*Aim of the exercise*
Report every line of the data that includes "with".

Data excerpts
####################

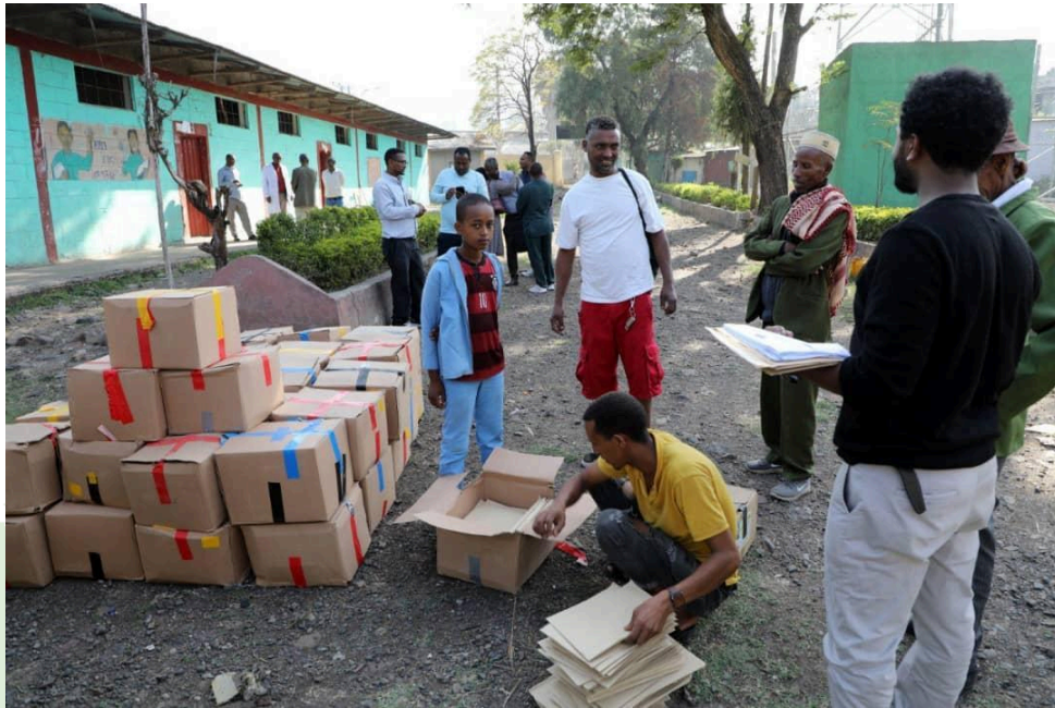
Ethiopia Reads' staff distributing SDAD books in Amhara Region, 2024

This year Ethiopia Reads expects to expand our work to print and distribute another 100,000 books* and provide training to other difficult-to-reach areas in Ethiopia. Instead of providing books directly to individuals, we will be creating book banks in communities that have had schools destroyed or damaged.
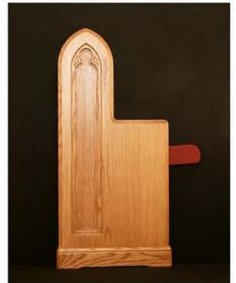
PEW END #44-C
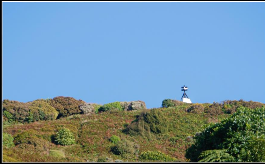
Belmont trig, 456 m
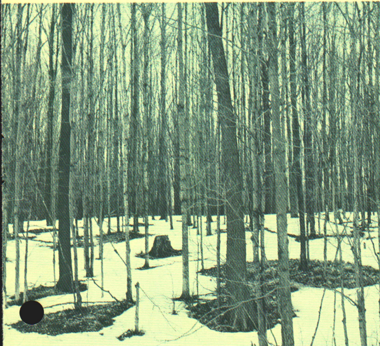
Figure 2 — Over-stocked young (thicket) stand. Blue ribbon crop trees should be selected and others (crooked, defective, and low-valued species) removed or killed with herbicides.

Unless measures are taken to correct deformed or injured seedlings, the value of such trees at maturity may be greatly reduced. Heavy grass and weed growth also provide ideal winter cover for destructive rodents such as mice and rabbits.
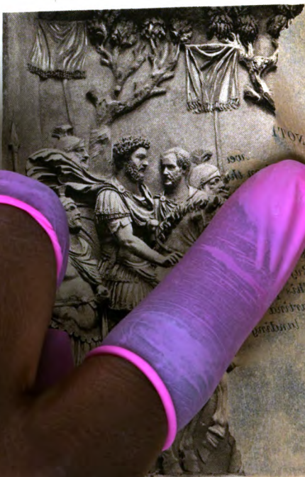
GERMAN PRISONERS IN THE FIGURE RELIEF FROM TRIUMPHAL ARCH.
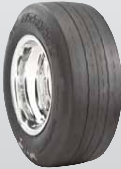
ET Street® Bias Ply DOT Drag Tire
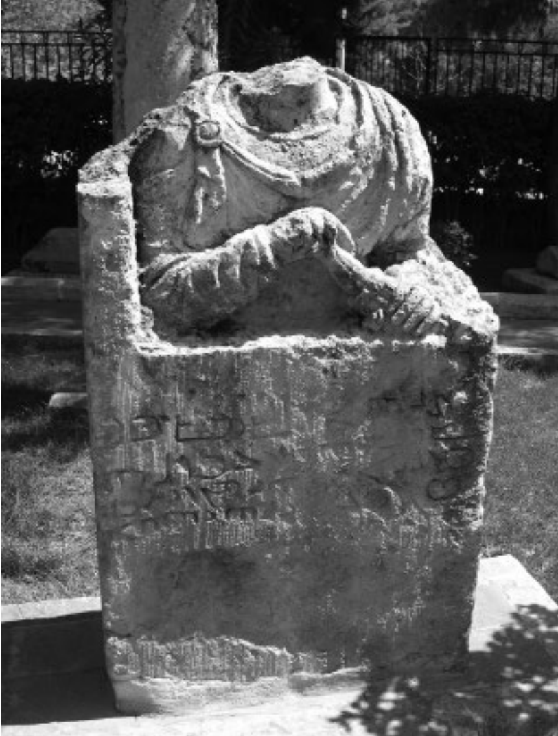
Figure 3.2 Inscription from Sumatar mentioning the god Sīn
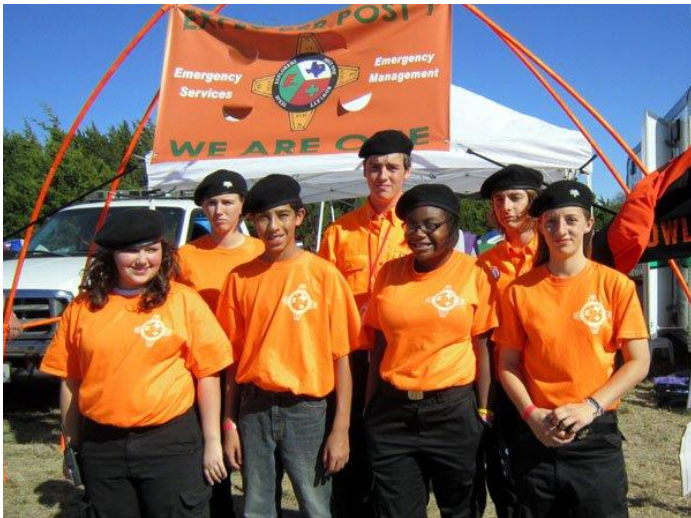
Class B Uniforms
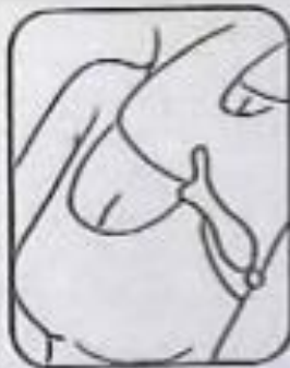
Tighten Flabby Arms
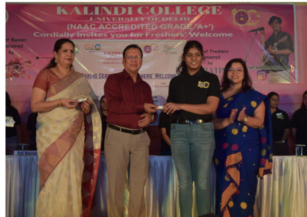
Giving away of badges to student union
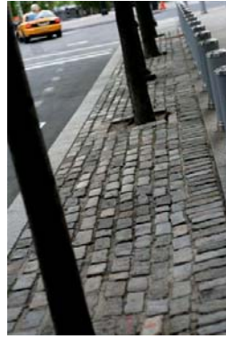
A continuous trench used with pavers.

Increase the dedicated airspace and dedicated root volume available for street tree planting to provide better accommodation of large canopy street trees and assist with achieving the optimum canopy coverage goal.
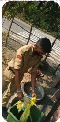
S.B.GARDA COLLEGE. 20 GUJ. BN NCC NAVSARI
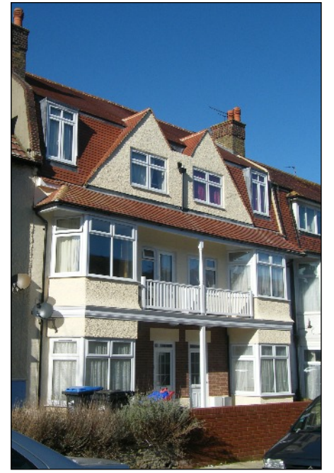
50a & 50 Surrey Road, Cliftonville

This year, the Society received fourteen nominations for Town Pride Awards. All of the properties nominated for the 2014 Town Pride Awards are shown below and on the following page:
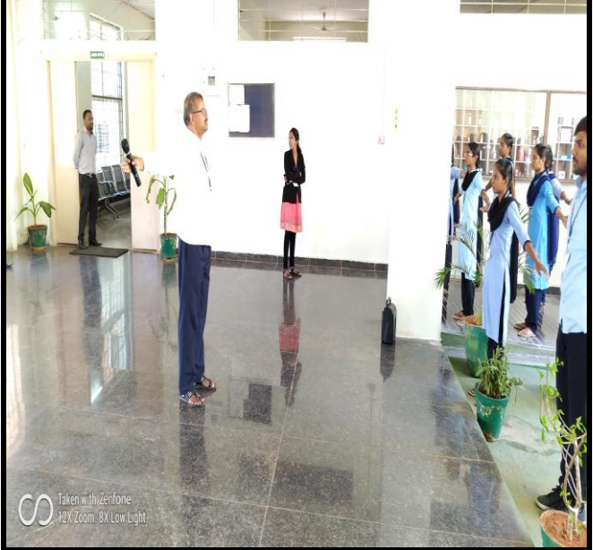
students doing tha Asanas during the Yoga day
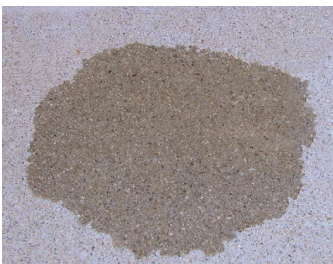
Mortar not repellent.

Should apply 2-3 coats depending on the porosity of the material.

####################

*Answer for this exercise*
Figure 2 — Over-stocked young (thicket) stand. Blue ribbon crop trees should be selected and others (crooked, defective, and low-valued species) removed or killed with herbicides.
A continuous trench used with pavers.
Increase the dedicated airspace and dedicated root volume available for street tree planting to provide better accommodation of large canopy street trees and assist with achieving the optimum canopy coverage goal.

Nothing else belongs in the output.